++++ Available data

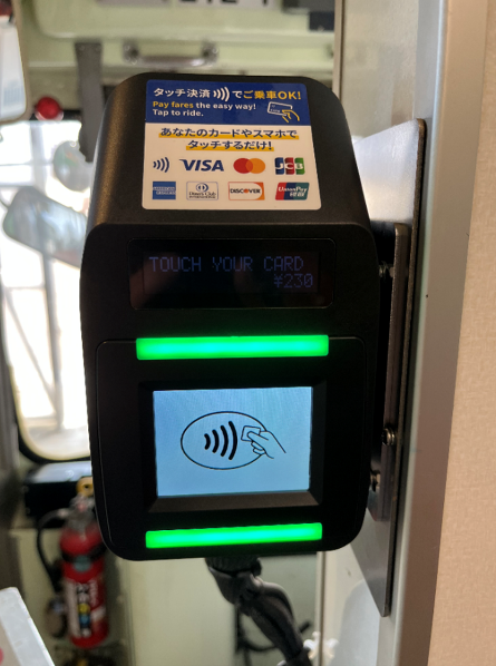 お手持ちのタッチ決済対応のカード(クレジット・デビット・プリペイド)や、カードが設定されたスマートフォン等を、降車時に専用の端末にタッチすることで、そのままご利用いただけます。
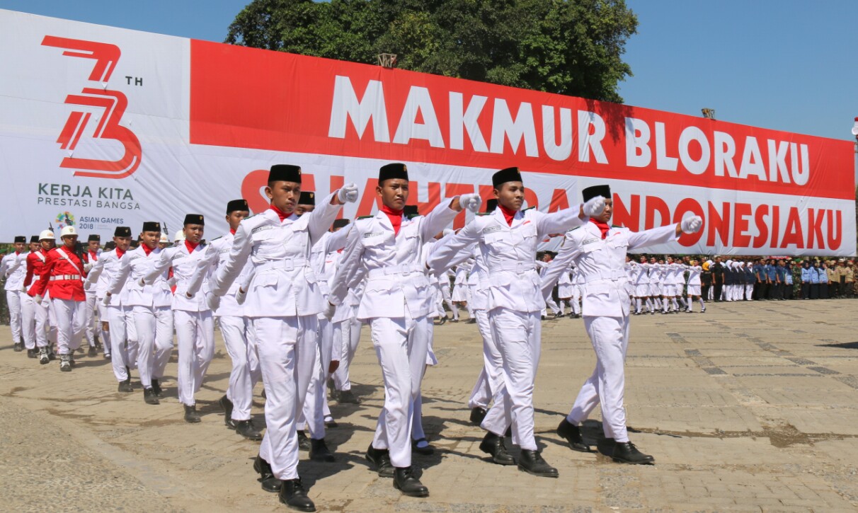 Proklamasi Kemerdekaan Republik Indonesia ke 73 tingkat Kabupaten Blora yang berlangsung di Alun-alun, Jumat (17/8/2018), mulai 09.30 WIB berlangsung lancar dan khidmat.
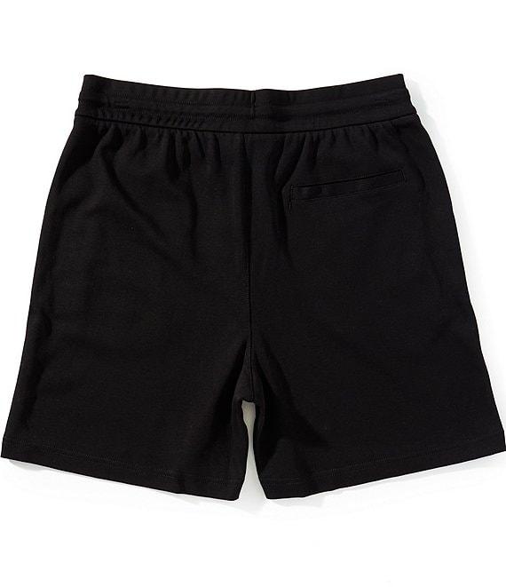 From Armani Exchange, these shorts feature: Regular fit Flat front Drawstring elastic closure 2 side pockets 9" inseam Cotton fleece Machine wash/line dry Imported.
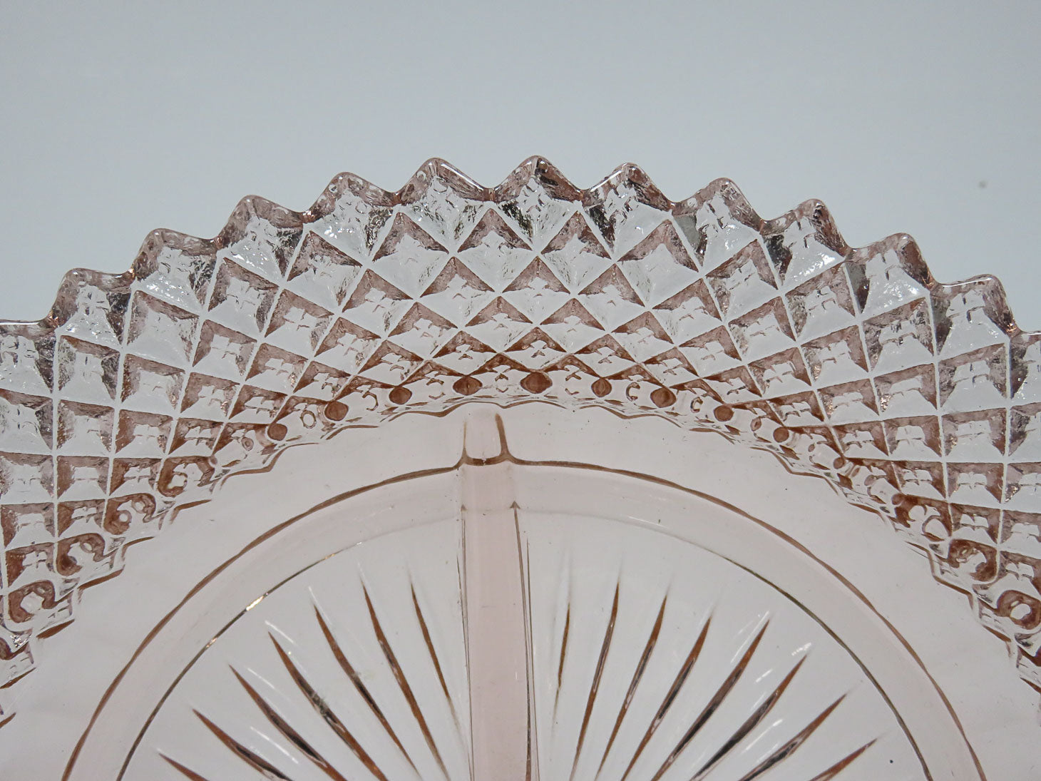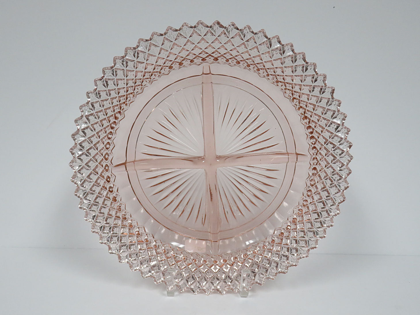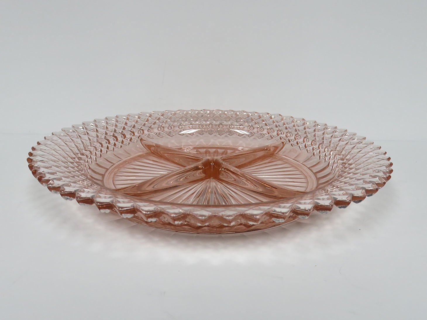 Miss America pattern 4 sectioned plate. Diamond-point edges and starurst center. Produced in the 1930s.

++++++++

Work instructions
The expected result is the complete listing above, printed exactly, with no pictures.

Written solution
 お手持ちのタッチ決済対応のカード(クレジット・デビット・プリペイド)や、カードが設定されたスマートフォン等を、降車時に専用の端末にタッチすることで、そのままご利用いただけます。
 Proklamasi Kemerdekaan Republik Indonesia ke 73 tingkat Kabupaten Blora yang berlangsung di Alun-alun, Jumat (17/8/2018), mulai 09.30 WIB berlangsung lancar dan khidmat.
 From Armani Exchange, these shorts feature: Regular fit Flat front Drawstring elastic closure 2 side pockets 9" inseam Cotton fleece Machine wash/line dry Imported.
 Miss America pattern 4 sectioned plate. Diamond-point edges and starurst center. Produced in the 1930s.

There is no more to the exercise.